If Todd and Janelle had left their hearts in San Francisco -- only to find them again in the same exact spot -- they aren't alone. Romantic reunions with past partners are more common than ever due to the ease of finding people online. Before the Internet, locating a lost love required a library of phone books, a private detective or plenty of luck. The hunt was an act explicitly rife with feeling, a kind of public declaration.
Today, old lovers can type a name into Google. The act seems to be casual, whether it actually is or not. It's so easy to reconnect that many people look up old flames without appreciating what's at stake. Most of these romantic reunions, says California State University at Sacramento psychologist Nancy Kalish, are between first or early loves -- those relationships that took place between one's teens and early 20s.
According to Kalish, the country's foremost expert in rekindled romance, lost-and-found romances are surprisingly successful, as long as both partners are not otherwise attached at the time they reconnect. In Kalish's initial sample of 1,000 lost-and-found lovers, ages 18 to 95, nearly three-quarters remained together after a decade of study. When these past lovers married each other, their divorce rate after four years tallied in at no more than 1.5 percent. Usually, second marriages are relatively fragile: In the public at large, nearly one-quarter of all couples who remarry get divorced again within five years.

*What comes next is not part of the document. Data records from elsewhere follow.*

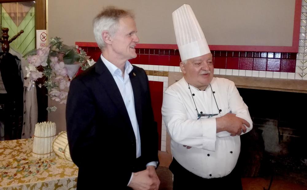 Al Ristorante Al Pioppeto di Romano d'Ezzelino cena di gala per la rassegna “Asparagi & Vespaiolo”. Chef ospite, accanto al padrone di casa Sergio Dussin, Guerrino Maculan
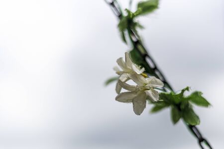 white jasmine with dew on tree
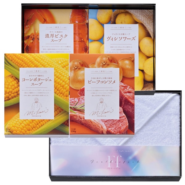 コンビネーションギフト 三國清三シェフ監修スープ&今治タオルセット MM28-FT1 / 結婚 出産 内祝い お祝い 出産内祝い お返し お祝い返し 香典返し 引っ越し ご挨拶 快気祝い 入学 就職 退職 贈答品 gws ギフト
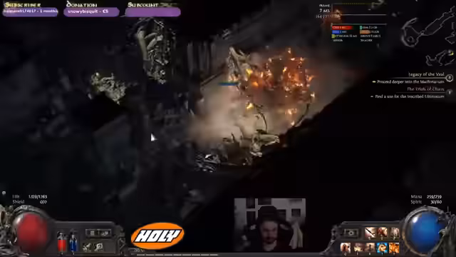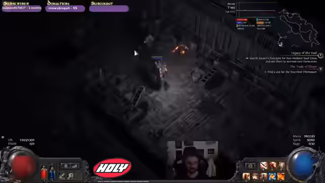 00:27:56Der Streamer experimentiert mit verschiedenen Skills und Ausrüstungsgegenständen, um seinen Build zu optimieren. Er holt sich die Magma-Barrier und stellt fest, dass sie sich noch etwas unhandlich anfühlt. Er probiert verschiedene Waffen aus, darunter einen Zweihänder, um zu sehen, ob er damit besser zurechtkommt. Er sammelt mehr Hämmer und sucht nach solchen, die ihm mehr Stärke geben. Er tauscht seine Schuhe und sein Schild aus, um seine Werte zu verbessern. Er findet einen neuen Hammer, der möglicherweise mehr Schaden verursacht als sein aktueller und überlegt, ihn zu verwenden. Er nimmt die Magma-Barrier Aura und bemerkt, dass sein Totem ordentlich Schaden verursacht. Er überlegt, welche Aura er nehmen soll und entscheidet sich für die Magma-Barrier. Er levelt weiter und freut sich darauf, bald den Baby Rage zu aktivieren.
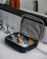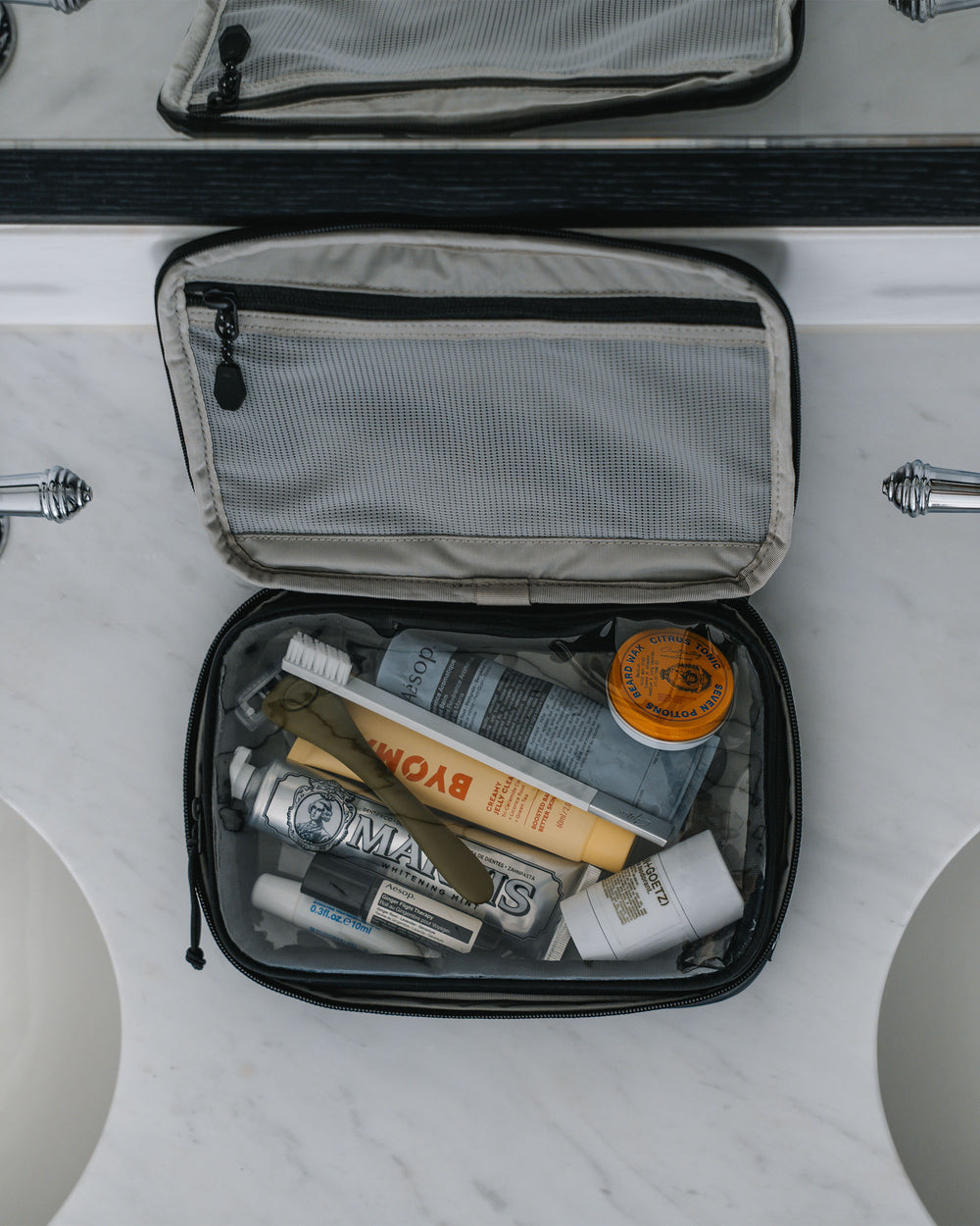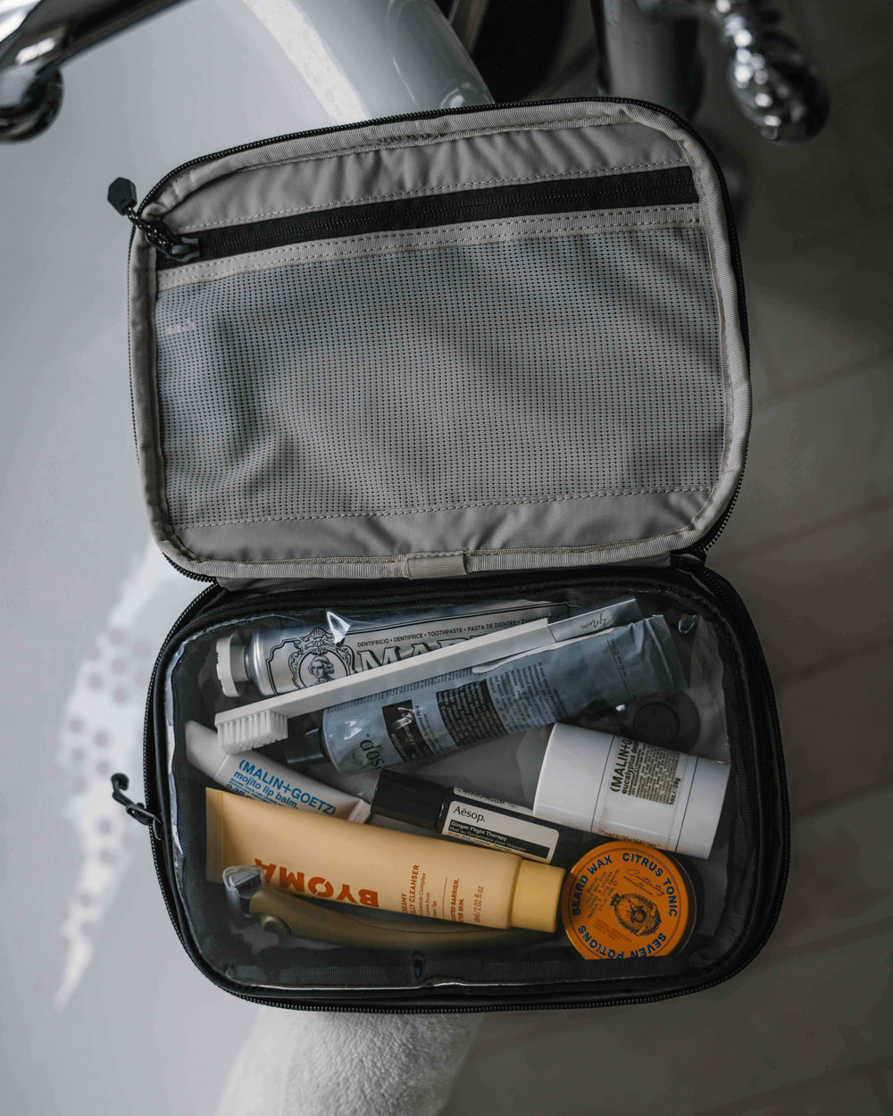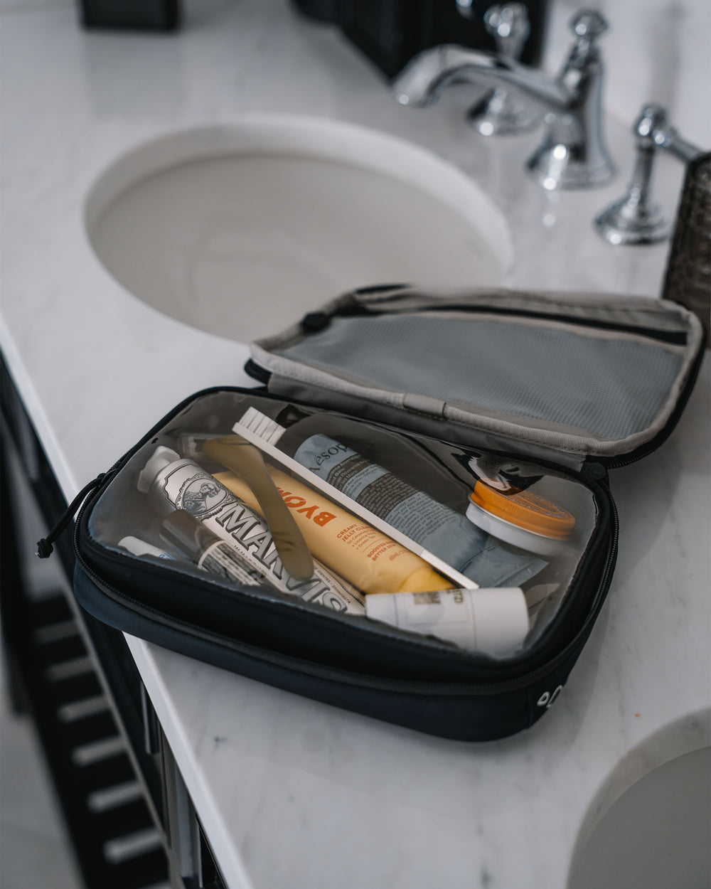 • This two-piece design includes a clear TSA-friendly pouch that magnetically attaches to the larger toiletry pouch for easy separation at airport security.
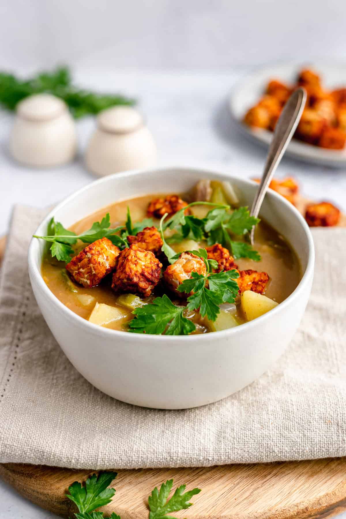 - To serve, ladle into bowls. Add your desired amount of tempeh to each bowl. Sprinkle with paprika and additional parsley. Enjoy!
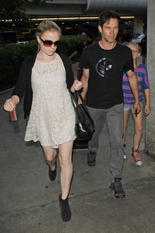 Чуть позже в аэропорту были замечены коллеги Александра по сериалу «Настоящая кровь» Анна Пакуин, которая ждет своего первого ребенка со своим супругом Стивеном Мойер, вместе с ними была 10-летняя дочь Стивена, Лилак, от его отношений с журналисткой Лорьен Хайнс.

How to explain the endurance of rekindled first love? "Many of the couples grew up together or shared friends and values," says Kalish. Whether they were from the same hometown or met in college, "they spent formative years together and became each other's standard for all romances since."
Yet for all the power and resilience of rekindled romance, Kalish has discovered a dark side. More of the encounters are now unpremeditated, and many of these people are swept away by feelings they didn't know they still had, placing marriages -- even good marriages -- at risk. In her latest sample, more than 60 percent of lost-love reunions involve affairs.
Nancy Kalish was teaching adolescent psychology at the University of California in San Francisco in 1993 when she began wondering about her college boyfriend. She got his phone number by writing to their alumni association, and that first contact reawakened their romance. She took a sabbatical and moved to New York to be with him; they got engaged. Yet problems emerged. Kalish found herself shocked and hurt the day he drove away, never to be heard from again.
At the time, Kalish assumed -- mistakenly as it turns out -- that most rekindled loves, like her own, were saddled with past problems and doomed to fail. Curious about the phenomenon, she decided to conduct a scholarly post mortem of her own relationship. She designed a questionnaire and began seeking a population to fill in the blanks.
Lost-and-found love affairs were common, she learned, and uncommonly successful. Most of the people Kalish met during her earliest research had been separated by circumstance: long distances and family moves, stints in the military, disapproving parents, the uncertainty of youth. The lost lovers felt their separation had been unjust, and now they finally had the chance to set things right.
"Those forced apart by parents harbored great anger," she says. "Some had put off marriage and even lost their chance to have children as a result." The reunions were often supremely vindicating. "He kept kissing my face at the airport, and after 20 years he was saying, 'You're beautiful, you look fabulous,' " one woman in Kalish's study recounted.
Such love may sound fantastical, sure to vaporize in the light of day, but Kalish says that nothing could be further from the truth. "These are love relationships that never ended, not fantasies."